Introduction: Acute hepatic porphyrias (AHPs) are a family of rare inherited disorders characterized by enzyme dysfunctions in the hepatic pathway of heme biosynthesis. In AHPs, accumulation of the neurotoxic porphyrin precursors delta-aminolevulinic acid and porphobilinogen, caused by enhanced activity of hepatic aminolevulinate synthase 1 (ALAS1), is associated with acute, potentially life-threatening neurovisceral attacks. Symptoms during and between attacks dramatically reduce patients' quality of life (QoL). Givosiran is the first mRNA-targeted treatment for AHPs, silencing ALAS1 expression. Areas covered: For Givosiran, this review summarizes its chemistry, mechanism of action, pharmacokinetics, pharmacodynamics, safety, preclinical and clinical data in AHP, postmarketing surveillance, and regulatory status. A literature search of public and internal databases was performed, bibliographies of retrieved articles were manually searched to identify additional studies of relevance, and information was also provided by Alnylam Pharmaceuticals. Expert opinion: Givosiran is a small interfering RNA (siRNA) therapeutic that reduces hepatic activity of ALAS1 and decreases accumulation of neurotoxic porphyrin precursors in patients with AHPs, ultimately reducing the number of acute attacks and improving symptoms and QoL between attacks. As AHPs are lifelong diseases, long-term safety data are needed for Givosiran as an siRNA-based therapy.

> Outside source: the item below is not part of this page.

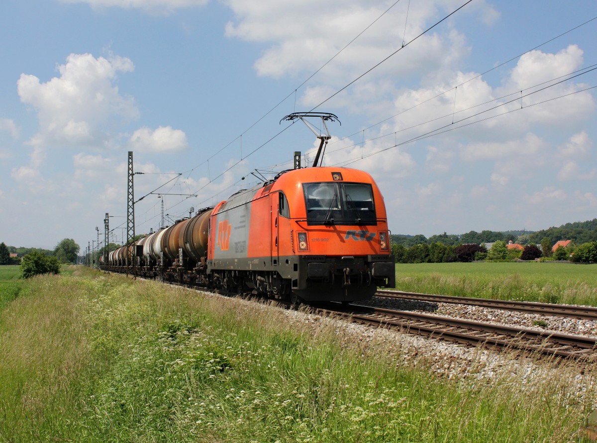Mit einem Güterzug sind am 24.06.2014 1142 575 und 1142 685

Efficacy and safety of Givosiran for acute hepatic porphyria: 24-month interim analysis of the randomized phase 3 ENVISION study
Liver Int 2022 Jan;42(1):161-172.PMID:34717041DOI:10.1111/liv.15090.

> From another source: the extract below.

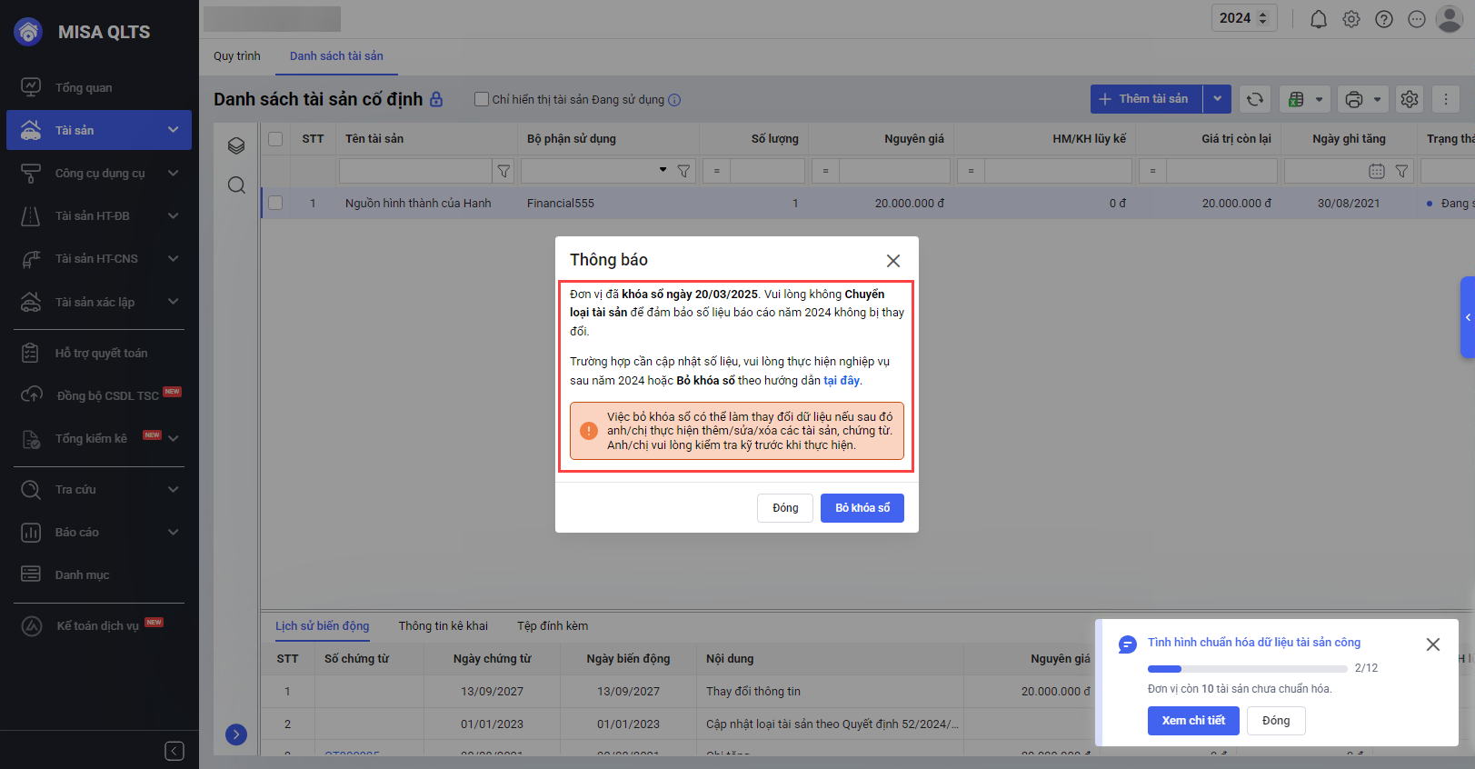 Sau khi khóa sổ hoàn thành, nếu cần sửa thông tin tài sản sau ngày khóa sổ, phần mềm sẽ hiển thị thông báo.

Background & aims: Upregulation of hepatic delta-aminolevulinic acid synthase 1 with accumulation of potentially toxic heme precursors delta-aminolevulinic acid and porphobilinogen is fundamental to the pathogenesis of acute hepatic porphyria. Aims: evaluate long-term efficacy and safety of Givosiran in acute hepatic porphyria. Methods: Interim analysis of ongoing ENVISION study (NCT03338816), after all active patients completed their Month 24 visit. Patients with acute hepatic porphyria (≥12 years) with recurrent attacks received Givosiran (2.5 mg/kg monthly) (n = 48) or placebo (n = 46) for 6 months (double-blind period); 93 received Givosiran (2.5 mg or 1.25 mg/kg monthly) in the open-label extension (continuous Givosiran, n = 47/48; placebo crossover, n = 46/46). Endpoints included annualized attack rate, urinary delta-aminolevulinic acid and porphobilinogen levels, hemin use, daily worst pain, quality of life, and adverse events. Results: Patients receiving continuous Givosiran had sustained annualized attack rate reduction (median 1.0 in double-blind period, 0.0 in open-label extension); in placebo crossover patients, median annualized attack rate decreased from 10.7 to 1.4. Median annualized days of hemin use were 0.0 (double-blind period) and 0.0 (open-label extension) for continuous Givosiran patients and reduced from 14.98 to 0.71 for placebo crossover patients. Long-term Givosiran led to sustained lowering of delta-aminolevulinic acid and porphobilinogen and improvements in daily worst pain and quality of life. Safety findings were consistent with the double-blind period. Conclusions: Long-term Givosiran has an acceptable safety profile and significantly benefits acute hepatic porphyria patients with recurrent attacks by reducing attack frequency, hemin use, and severity of daily worst pain while improving quality of life.